The clouds that had muffled the day like a fleece broke up in the evening and floated as pink wisps in a high sunny sky; a thrush was joyous in the garden as they left. Helen had Sophie on her leading rein, and could just manage the suitcase as long as she would walk. She didn’t care if the Underwoods saw her go. The little girls loved catching buses. They had to get one down to the centre and then change; Helen was only afraid that as it got past Sophie’s bedtime she would grumble and rub her eyes and want to be picked up. But the girls seemed to understand that this evening didn’t exist inside the envelope of ordinary time; they cast quick buoyant wary looks at their mother, as if they mustn’t make too much of anything. Nia, who had seen Helen throw the brush, practised an air of easy adaptation. Sophie held on to the chrome rail of the seat in front and bounced. When Helen clenched her fist on the rail, so that if the bus stopped suddenly and Sophie flew forwards she wouldn’t hit her face, she was surprised to see she was still wearing her engagement and wedding rings, distorting lumps under her glove. All that seemed left already far behind.

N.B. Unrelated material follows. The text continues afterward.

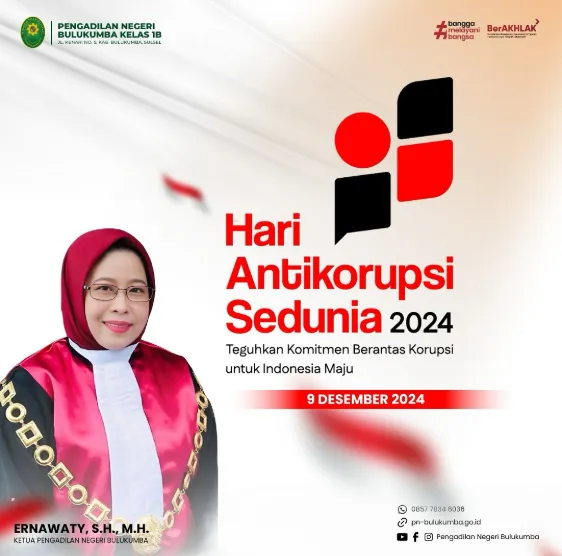 Segenap keluarga besar Pengadilan Negeri Bulukumba mengucapkan, Hari Anti Korupsi Sedunia 9 Desember 2024. “Teguhkan...
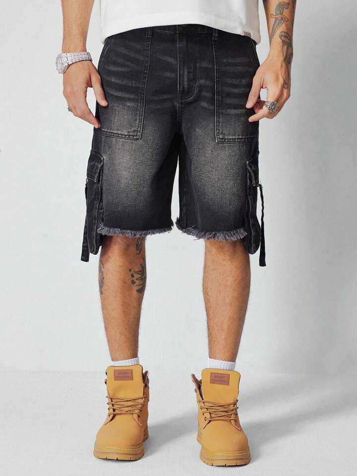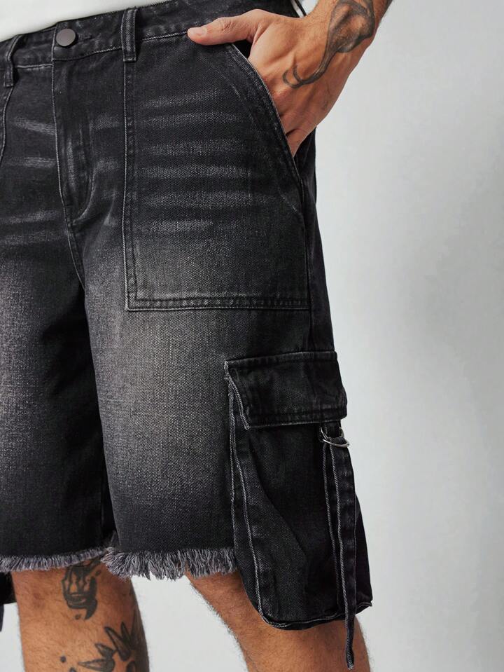 Goth Pantaloncini di jeans casual da uomo con orlo consumato e effetto strappato

Helen’s father had died three years before; her mother had sold the big house where she had lived for thirty-five years and gone to live above a hairdresser’s. Socially, she had come down in the world. Her husband had been retail manager for one of the big department stores; she had used to come to this hairdresser’s as a customer, to have her hair washed and set, preserving a proper dignified distance from the staff. Now she even worked as a receptionist for them several afternoons a week, drawn deeply and happily into the world of their gossip and concerns. The only entrance to her flat was through the hairdresser’s; Helen had to ring the doorbell, then her mother peered down from between her sitting-room curtains to see whoever was calling at this time. She didn’t have a telephone, so Helen hadn’t been able to warn her. A few minutes later they could see her feeling her way along the row of dryers in the dim light from the stairs behind; she didn’t like to use the salon lights because they weren’t on her bill. No one knew that Nia’s dreams were visited by dryer-monsters with blank skin faces and huge bald egg-shaped skulls in powder blue. The glass door to the salon, hung inside with a rattling pink venetian blind, had ‘Jennifer’s’ stencilled across it in flowing cursive script, and underneath that a pink silhouette bust of a lady in an eighteenth-century wig.